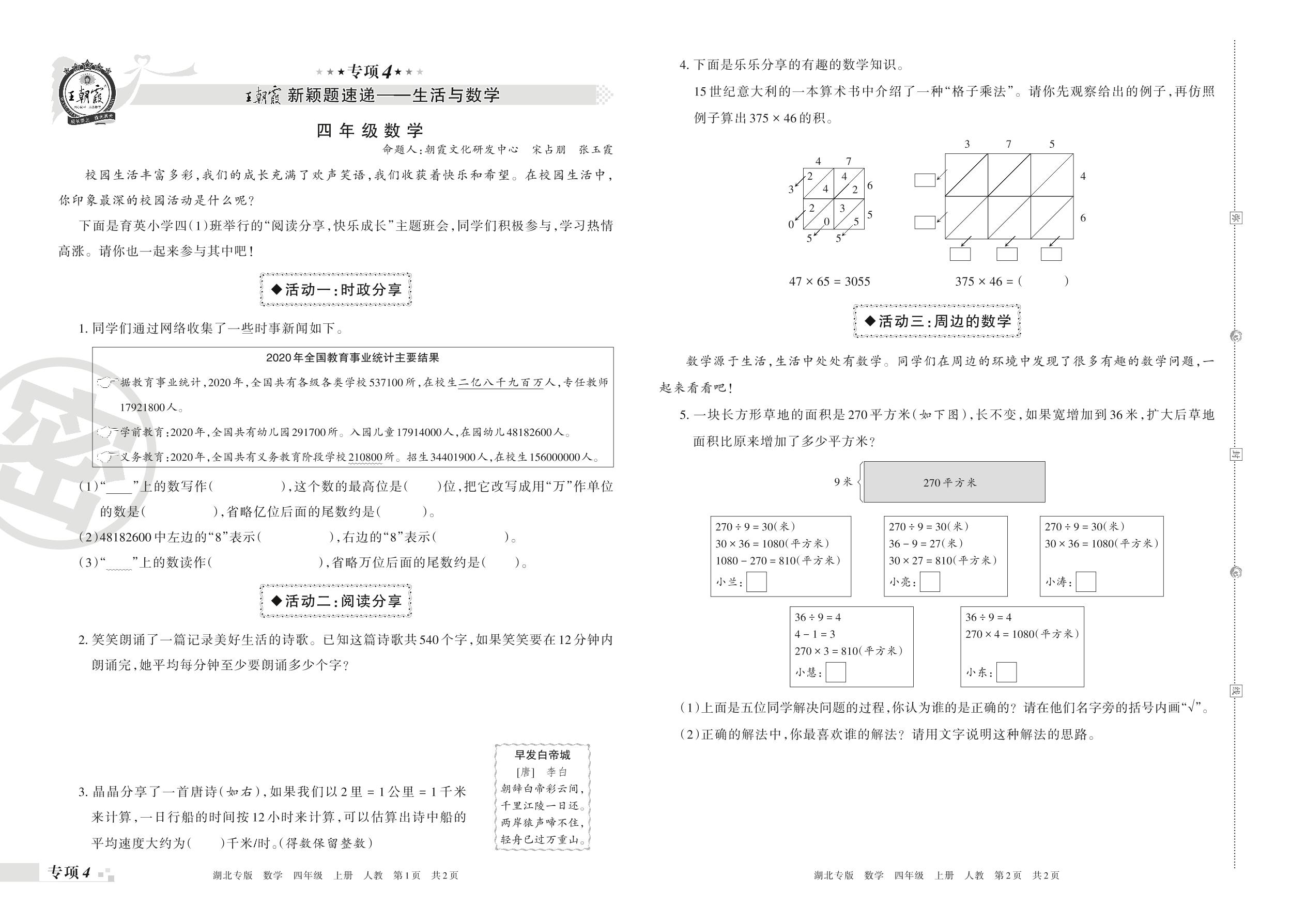 王朝霞期末专项卷——新颖题速递:生活与数学四年级上册数学人教版【4】
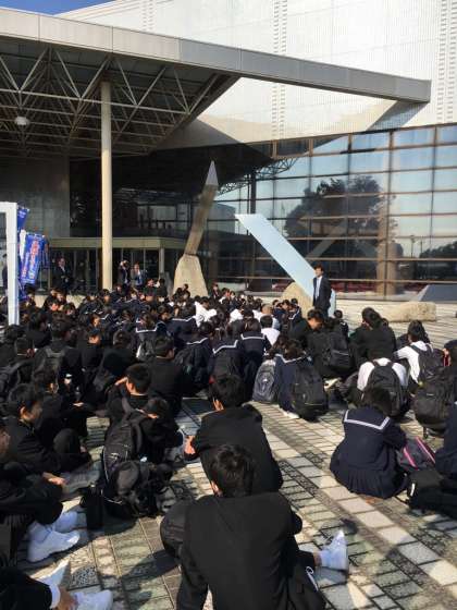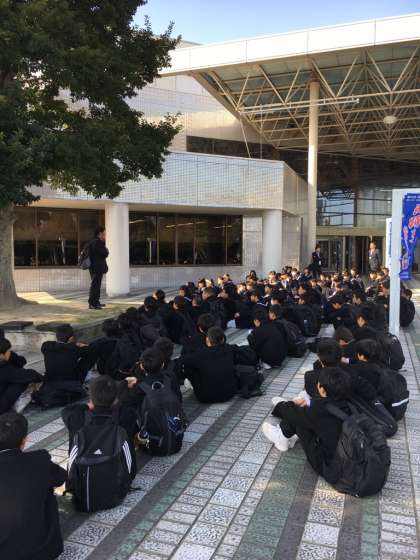 お昼ご飯を終え、会場の準備を待ちながら連絡を受けます。 午後は落語です!
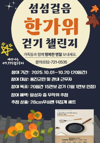 À̹ø °È±â 縰Áö´Â Ãß¼® ¿¬ÈÞ¸¦ Æ÷ÇÔÇÑ 10¿ù 1ÀϺÎÅÍ 20ÀϱîÁö ÃÑ 20Àϰ£, ºñ´ë¸é ¸ð¹ÙÀÏ °È±â ¾Û¡®¿öÅ©¿Â¡¯À» ÅëÇØ ¿ËÁø±º¹ÎÀº ´©±¸³ª ÀÚÀ¯·Ó°Ô Âü¿©ÇÒ ¼ö ÀÖ´Ù.
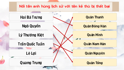 Nối tên anh hùng lịch sử với tên kẻ thù bị thất bại Hai Bà Trưng Quân Thanh Ngô Quyền Quân Đông Hán Lý Thường Kiệt Quân Minh Trần Quốc Tuấn Quân Nam Hán Lê Lợi Quân Nguyên Quang Trung Quân Tống 02 Hình thành kiến thức mới

DESCRIPTION OF THE TASK
Excluding pictures, reproduce the listing above exactly as it stands.

EXERCISE RESPONSE
 王朝霞期末专项卷——新颖题速递:生活与数学四年级上册数学人教版【4】
 お昼ご飯を終え、会場の準備を待ちながら連絡を受けます。 午後は落語です!
 À̹ø °È±â 縰Áö´Â Ãß¼® ¿¬ÈÞ¸¦ Æ÷ÇÔÇÑ 10¿ù 1ÀϺÎÅÍ 20ÀϱîÁö ÃÑ 20Àϰ£, ºñ´ë¸é ¸ð¹ÙÀÏ °È±â ¾Û¡®¿öÅ©¿Â¡¯À» ÅëÇØ ¿ËÁø±º¹ÎÀº ´©±¸³ª ÀÚÀ¯·Ó°Ô Âü¿©ÇÒ ¼ö ÀÖ´Ù.
 Nối tên anh hùng lịch sử với tên kẻ thù bị thất bại Hai Bà Trưng Quân Thanh Ngô Quyền Quân Đông Hán Lý Thường Kiệt Quân Minh Trần Quốc Tuấn Quân Nam Hán Lê Lợi Quân Nguyên Quang Trung Quân Tống 02 Hình thành kiến thức mới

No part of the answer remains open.